What to work on: Given the entries that follow, write out exactly the lines starting at the one containing "PROHIBIDA LA VENTA" and ending at the one containing "The algorithm is", both ends included, and only those.

─── Extracted records

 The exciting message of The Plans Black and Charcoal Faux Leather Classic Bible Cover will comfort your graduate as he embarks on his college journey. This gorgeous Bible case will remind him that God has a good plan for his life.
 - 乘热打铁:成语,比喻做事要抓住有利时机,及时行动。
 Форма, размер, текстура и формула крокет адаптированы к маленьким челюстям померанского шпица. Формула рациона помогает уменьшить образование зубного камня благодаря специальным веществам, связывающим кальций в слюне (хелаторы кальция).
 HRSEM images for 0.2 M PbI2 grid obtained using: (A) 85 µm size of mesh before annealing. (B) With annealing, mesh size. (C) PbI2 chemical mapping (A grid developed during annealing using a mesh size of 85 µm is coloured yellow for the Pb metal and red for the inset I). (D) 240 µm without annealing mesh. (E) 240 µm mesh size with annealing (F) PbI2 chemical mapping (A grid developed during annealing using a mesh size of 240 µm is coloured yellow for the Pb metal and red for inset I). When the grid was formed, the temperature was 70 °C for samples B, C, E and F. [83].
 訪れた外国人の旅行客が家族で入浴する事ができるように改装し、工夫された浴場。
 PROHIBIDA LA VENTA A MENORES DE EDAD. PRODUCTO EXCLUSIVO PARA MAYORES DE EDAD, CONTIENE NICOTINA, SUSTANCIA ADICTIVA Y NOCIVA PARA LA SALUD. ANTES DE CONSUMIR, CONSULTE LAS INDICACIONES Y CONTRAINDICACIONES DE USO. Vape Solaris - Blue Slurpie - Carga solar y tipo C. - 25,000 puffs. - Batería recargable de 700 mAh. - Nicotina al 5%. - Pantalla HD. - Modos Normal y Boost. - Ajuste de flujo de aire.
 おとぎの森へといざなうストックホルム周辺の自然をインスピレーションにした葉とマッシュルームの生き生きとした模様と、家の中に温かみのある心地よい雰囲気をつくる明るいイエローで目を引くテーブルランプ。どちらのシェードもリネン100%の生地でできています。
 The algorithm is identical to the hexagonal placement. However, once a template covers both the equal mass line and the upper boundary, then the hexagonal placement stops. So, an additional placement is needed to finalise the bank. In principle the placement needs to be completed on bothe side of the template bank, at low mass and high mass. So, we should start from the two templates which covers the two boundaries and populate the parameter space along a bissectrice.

──────
─── Extracted records

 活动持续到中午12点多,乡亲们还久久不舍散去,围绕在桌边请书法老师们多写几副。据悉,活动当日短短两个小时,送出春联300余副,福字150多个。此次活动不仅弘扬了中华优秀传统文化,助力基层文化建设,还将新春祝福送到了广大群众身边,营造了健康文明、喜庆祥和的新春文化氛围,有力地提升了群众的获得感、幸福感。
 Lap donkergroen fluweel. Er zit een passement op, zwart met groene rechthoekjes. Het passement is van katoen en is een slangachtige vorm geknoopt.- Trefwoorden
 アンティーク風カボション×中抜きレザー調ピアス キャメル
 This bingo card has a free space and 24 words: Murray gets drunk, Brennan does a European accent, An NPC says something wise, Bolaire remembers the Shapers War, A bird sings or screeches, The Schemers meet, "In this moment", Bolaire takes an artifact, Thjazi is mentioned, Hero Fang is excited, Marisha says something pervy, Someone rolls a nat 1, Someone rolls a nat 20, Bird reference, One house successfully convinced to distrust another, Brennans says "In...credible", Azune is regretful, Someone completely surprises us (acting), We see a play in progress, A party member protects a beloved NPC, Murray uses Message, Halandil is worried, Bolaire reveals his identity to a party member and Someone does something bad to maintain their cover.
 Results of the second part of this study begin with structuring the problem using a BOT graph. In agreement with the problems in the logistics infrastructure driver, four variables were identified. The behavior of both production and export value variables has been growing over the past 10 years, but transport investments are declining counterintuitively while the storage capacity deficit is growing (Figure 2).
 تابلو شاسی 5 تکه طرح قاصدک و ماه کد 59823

──────

Reply:
 PROHIBIDA LA VENTA A MENORES DE EDAD. PRODUCTO EXCLUSIVO PARA MAYORES DE EDAD, CONTIENE NICOTINA, SUSTANCIA ADICTIVA Y NOCIVA PARA LA SALUD. ANTES DE CONSUMIR, CONSULTE LAS INDICACIONES Y CONTRAINDICACIONES DE USO. Vape Solaris - Blue Slurpie - Carga solar y tipo C. - 25,000 puffs. - Batería recargable de 700 mAh. - Nicotina al 5%. - Pantalla HD. - Modos Normal y Boost. - Ajuste de flujo de aire.
 おとぎの森へといざなうストックホルム周辺の自然をインスピレーションにした葉とマッシュルームの生き生きとした模様と、家の中に温かみのある心地よい雰囲気をつくる明るいイエローで目を引くテーブルランプ。どちらのシェードもリネン100%の生地でできています。
 The algorithm is identical to the hexagonal placement. However, once a template covers both the equal mass line and the upper boundary, then the hexagonal placement stops. So, an additional placement is needed to finalise the bank. In principle the placement needs to be completed on bothe side of the template bank, at low mass and high mass. So, we should start from the two templates which covers the two boundaries and populate the parameter space along a bissectrice.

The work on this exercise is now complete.